Your assignment -
Repeat every entry word for word. Images do not belong in the copy.

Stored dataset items
————

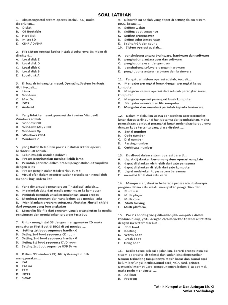Soal Latihan Teknik Komputer Dan Jaringan Kls Xi Smkn 1 Sidikalangi Pdf
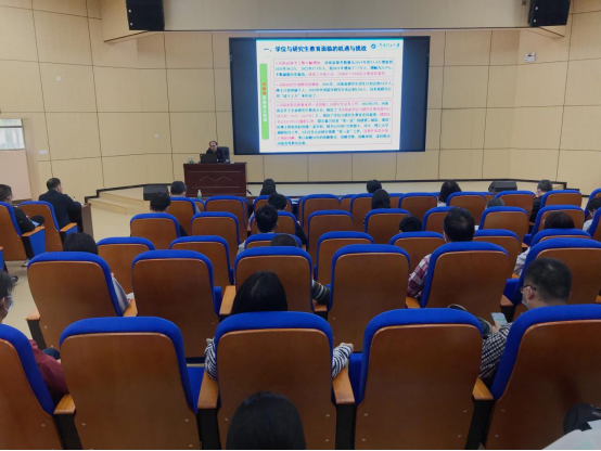 报告会上,陈俊杰院长围绕新时代研究生导师的责任与担当,从“学位与研究生教育面临的机遇与挑战”,指出了全国和河南省学位与研究生教育机遇与挑战并存的局面,深刻分析了我校研究生招生以及培养工作的现状,强调要高度重视研究生管理队伍的建设;从“研究生培养过程管理与质量保障”提出学院在研究生培养过程中,要制定体现学科特色的课程,专业学位研究生要注重以原创性和精品案例库作为重要支撑,同时对研究生在论文写作和成果产出方面应重点关注的工作做了详细的分析;从政治素质过硬、师德师风高尚、业务素质精湛对研究生导师提出了新的要求,明确了导师在研究生培养过程中的职责;接着,就我校研究生毕业论文中出现的问题与各位导师进行了探索与交流。最后陈俊杰院长勉励各位研究生导师:做学生的良师益友,是一种工作的态度和境界。
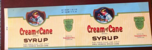 Title (ebay affiliate link): CREME OF CANE SYRUP CAN LABEL File Copy 1936 rare RODDENBERRY BROS CAIRO GEORGIA
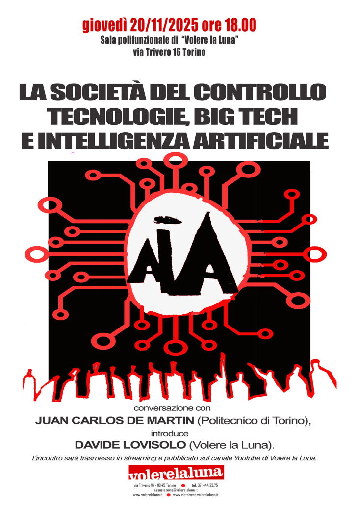 “LA SOCIETÀ DEL CONTROLLO. TECNOLOGIE, BIG TECH E INTELLIGENZA ARTIFICIALE” conversazione con JUAN CARLOS DE MARTIN (Politecnico di Torino), introduce DAVIDE LOVISOLO (Volere la Luna). L’incontro sarà trasmesso in streaming e pubblicato sul canale Youtube di Volere la Luna.
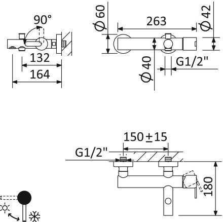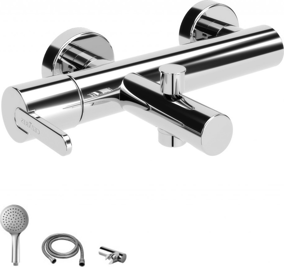 - Оснащение: смеситель, шланг 150 см, держатель, ручной душ
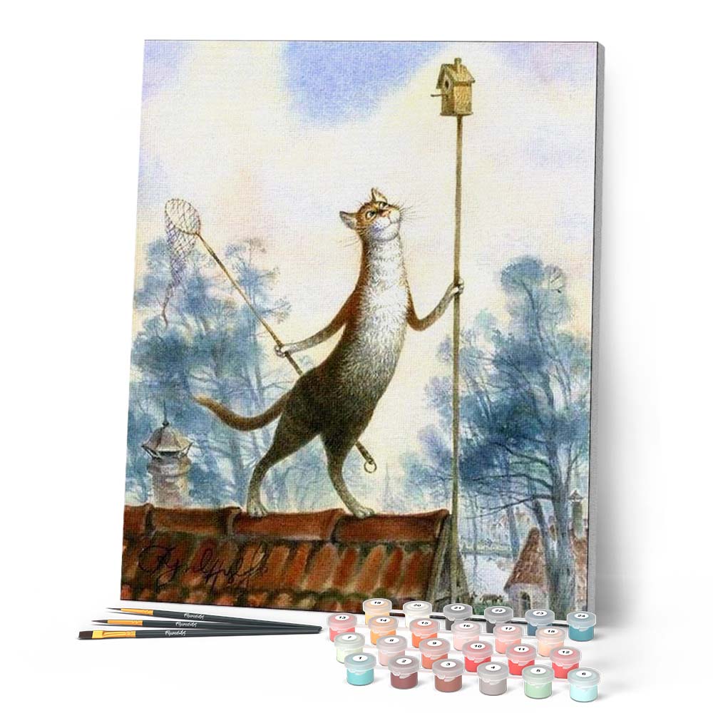 Pintar Por Números - Gato En Un Tejado - Figuredart - Animales Gatos
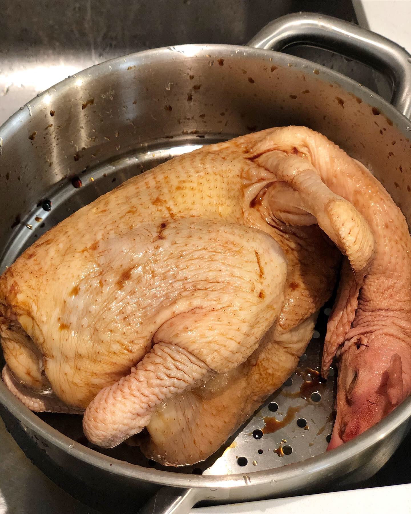 1) 雞洗淨抹乾,用老抽抹匀雞皮,吊至乾身(約1小時)

————

Reply to the exercise -
Soal Latihan Teknik Komputer Dan Jaringan Kls Xi Smkn 1 Sidikalangi Pdf
 报告会上,陈俊杰院长围绕新时代研究生导师的责任与担当,从“学位与研究生教育面临的机遇与挑战”,指出了全国和河南省学位与研究生教育机遇与挑战并存的局面,深刻分析了我校研究生招生以及培养工作的现状,强调要高度重视研究生管理队伍的建设;从“研究生培养过程管理与质量保障”提出学院在研究生培养过程中,要制定体现学科特色的课程,专业学位研究生要注重以原创性和精品案例库作为重要支撑,同时对研究生在论文写作和成果产出方面应重点关注的工作做了详细的分析;从政治素质过硬、师德师风高尚、业务素质精湛对研究生导师提出了新的要求,明确了导师在研究生培养过程中的职责;接着,就我校研究生毕业论文中出现的问题与各位导师进行了探索与交流。最后陈俊杰院长勉励各位研究生导师:做学生的良师益友,是一种工作的态度和境界。
 Title (ebay affiliate link): CREME OF CANE SYRUP CAN LABEL File Copy 1936 rare RODDENBERRY BROS CAIRO GEORGIA
 “LA SOCIETÀ DEL CONTROLLO. TECNOLOGIE, BIG TECH E INTELLIGENZA ARTIFICIALE” conversazione con JUAN CARLOS DE MARTIN (Politecnico di Torino), introduce DAVIDE LOVISOLO (Volere la Luna). L’incontro sarà trasmesso in streaming e pubblicato sul canale Youtube di Volere la Luna.
 - Оснащение: смеситель, шланг 150 см, держатель, ручной душ
 Pintar Por Números - Gato En Un Tejado - Figuredart - Animales Gatos
 1) 雞洗淨抹乾,用老抽抹匀雞皮,吊至乾身(約1小時)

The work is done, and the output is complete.